Friday, May 25, 2007

MENLO PARK, Calif. (AP) — Officially, Secretary of State Condoleezza Rice brought Australia’s top diplomat to California to thank a valued ally with a hometown tour.

Unofficially, Miss Rice was laying the groundwork for her return to the San Francisco Bay Area when the Bush administration ends.

Teaching at Stanford University, a book project and volunteering at an education center she started here are all part of the plan, she said.



“My future plans are to get back to California as fast as possible,” Miss Rice told a classroom full of schoolchildren in this city near Stanford. Miss Rice began teaching political science at Stanford in 1981 and was Stanford’s provost from 1992-99.

“Take it to the bank: She’s coming back to Stanford,” State Department spokesman Sean McCormack told the Associated Press. Miss Rice will rejoin the university as a professor, not in an administrative role, he said.

Miss Rice, 52, referred to herself as a “soon-to-be-future professor again,” and told the seventh- and eighth-graders here: “I hope to see some of you at Stanford when I get back.”

She will return to California when President Bush’s second term is complete in January 2009, Miss Rice said in a brief interview after her remarks here. “When the president’s done, I will be, too,” she said.

“California’s a great place,” she added. “It reminds you of what life’s really about.”

Miss Rice’s return to academia would end, at least in the near term, years of speculation that she might run for California governor or president. It also would derail indefinitely her dream assignment, to be commissioner of the National Football League.

Several of her family members were present in the classroom Thursday, clearly part of what is pulling Miss Rice back to the state.

She often spends Memorial Day weekends with them in Northern California, but business forced her to skip last year’s trip, she said. She planned to stay in the area until tomorrow, cutting short the long holiday weekend ahead of a trip to Europe next week.
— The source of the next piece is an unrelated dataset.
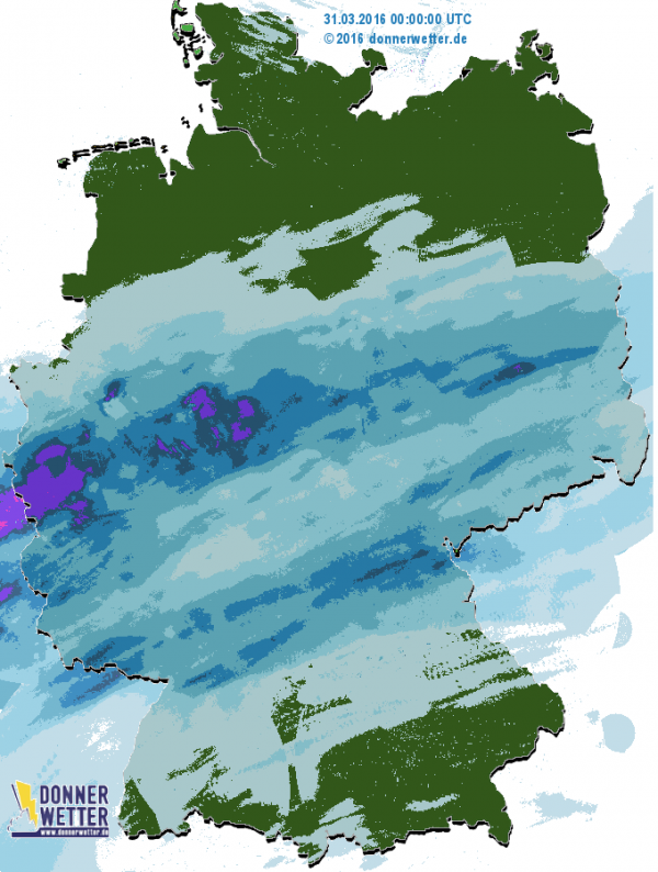 Am Donnerstag fiel besonders im Westlichen Bereich, an der Grenze zur Niederlande der Regen. Im Östlichen Teil war ebenfalls Regnerisches Wetter dennoch etwas leichter als im Westen. Der Norden Deutschlands blieb gestern vom Regen verschohnt.

Miss Rice’s day took her and Australian Foreign Minister Alexander Downer to a string of sites from earlier in her career. They began at Stanford’s campus, then moved on to Hewlett-Packard Co., where Miss Rice once served as a board member.

They spoke to the students at the home of an education program Miss Rice and her late father helped establish 16 years ago. The Center for a New Generation offers after-school and summer programs for children in a school district about a half-hour south of San Francisco.

Miss Rice also agreed to a series of interviews with local press outlets, apparently part of an effort to burnish her image in this region. The State Department granted at least one of the interviews on the condition that the journalists focus their questions on Miss Rice’s education work, not on her current job — foreign diplomacy.

Paul J. Bains, who as pastor at Saint Samuel Church of God in Christ is active in the education program Miss Rice started, said it was widely understood here that Miss Rice will return. Her presence here was part of her “re-engagement in the community,” he said.